Among all eligible employees, 58% participate in a 401(k) plan, Bank of America found.  Gen X employees are most likely to participate (65%).  Specifically, Gen X men are most likely to participate, with 70% contributing to their 401(k).

In addition, 401(k) balances continue to grow, but there is a significant difference in savings between men and women.  Between 2019 and 2021, the average 401(k) balance grew from $74,000 to $90,000.  On average, men have balances of $108,000, whereas the balances for women are around $70,000, according to the Bank of America study.  Interestingly, however, Gen Z women have overtaken men when it comes to 401(k) savings.  Gen Z women save an average of 103% of Gen Z men’s account balances.  Employers should continue to encourage these positive savings behaviors and build on the habits younger women are already exhibiting.  This can help women of all age groups gain equal footing with men when it comes to retirement savings.

The Bank of America study also found that employees still need education on the benefits of contributing to a 401(k) plan, including tax-deferred savings and growth.  This highlights an opportunity for employers to focus their education and communication efforts in these areas to encourage employees to maximize their retirement account contributions.  The study found that 61% of all eligible employees contribute less than $5,000 to their 401(k) each year.  Furthermore, less than 1 in 10 participants contributes enough to reach the annual maximum allowable limits.

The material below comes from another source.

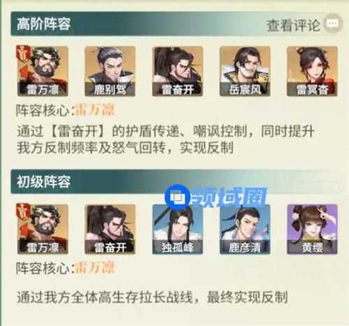 核心角色雷万凛,这个阵容适合PVP,主打雷盾生存能力强。

Implementing automatic features in 401(k) plan design can also influence positive savings behaviors.  Auto enrollment and auto-escalation, where participant contributions are increased gradually each year, improve participation and savings rates.  According to the Bank of America study, 84% of employee participate in plans with an auto enrollment feature, vs. 37% for plans without automatic enrollment.  What’s more, 55% of plans also have an auto increase feature, and 96% increase deferrals at 1% per year.  Auto features are impactful when it comes to improving employee engagement and deferrals.

What is more, employees are showing a rising interest in socially responsible investing via ESG funds, which stands for “environmental, social, and governance.”  The number of employees investing in ESG funds was 15%; a 50% increase since 2020.  Additionally, the average amount invested in ESG funds was $13,400 – a 30% increase since 2020.  It’s clear that employees value access to ESG options in their 401(k) plan.  Nonetheless, just 11% of 401(k) plans offer ESG funds in their investment lineup, Bank of America found.

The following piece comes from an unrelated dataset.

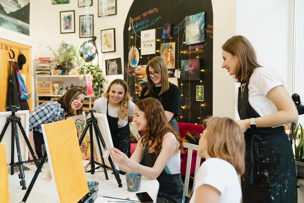 очень классное местечко! расположение очень удобное, сама студия уютная. посетили мастер класс арт-свидание для пары, рисовали одну общую картину акрилом 🎨👩🏻‍🎨👨🏻‍🎨 нам невероятно повезло в тот вечер- с нами была очень милая и отзывчивая художник Юля! ☀️💘 она помогла нам определиться с эскизом, всегда была рядом, помогала, подсказывала и хвалила! а ещё сделала нам потрясающие живые фотографии)) в следующий раз хотели бы тоже попасть именно к ней - Юля профессионал своего дела, а ещё очень приятный и добрый человек! по итогу у нас получился шедевр, чему мы безмерно рады! мы остались под огромным впечатлением! спасибо за такую возможность тепло и с интересом погрузиться в мир творчества и отлично провести вечер! вернёмся к вам снова 🥰

Finally, a personalized approach to financial education and assistance positively impacts employees’ financial wellness by engaging them to assess their financial health and take action, according to the study.  These trends indicate that employees have a desire to participate in a 401(k) plan, but employers have more work to do when it comes to providing education about maximizing contributions and achieving financial wellness.  Plan design features such as auto enrollment and auto escalation, and an emphasis on personalized financial education, can help improve employee engagement and savings behaviors.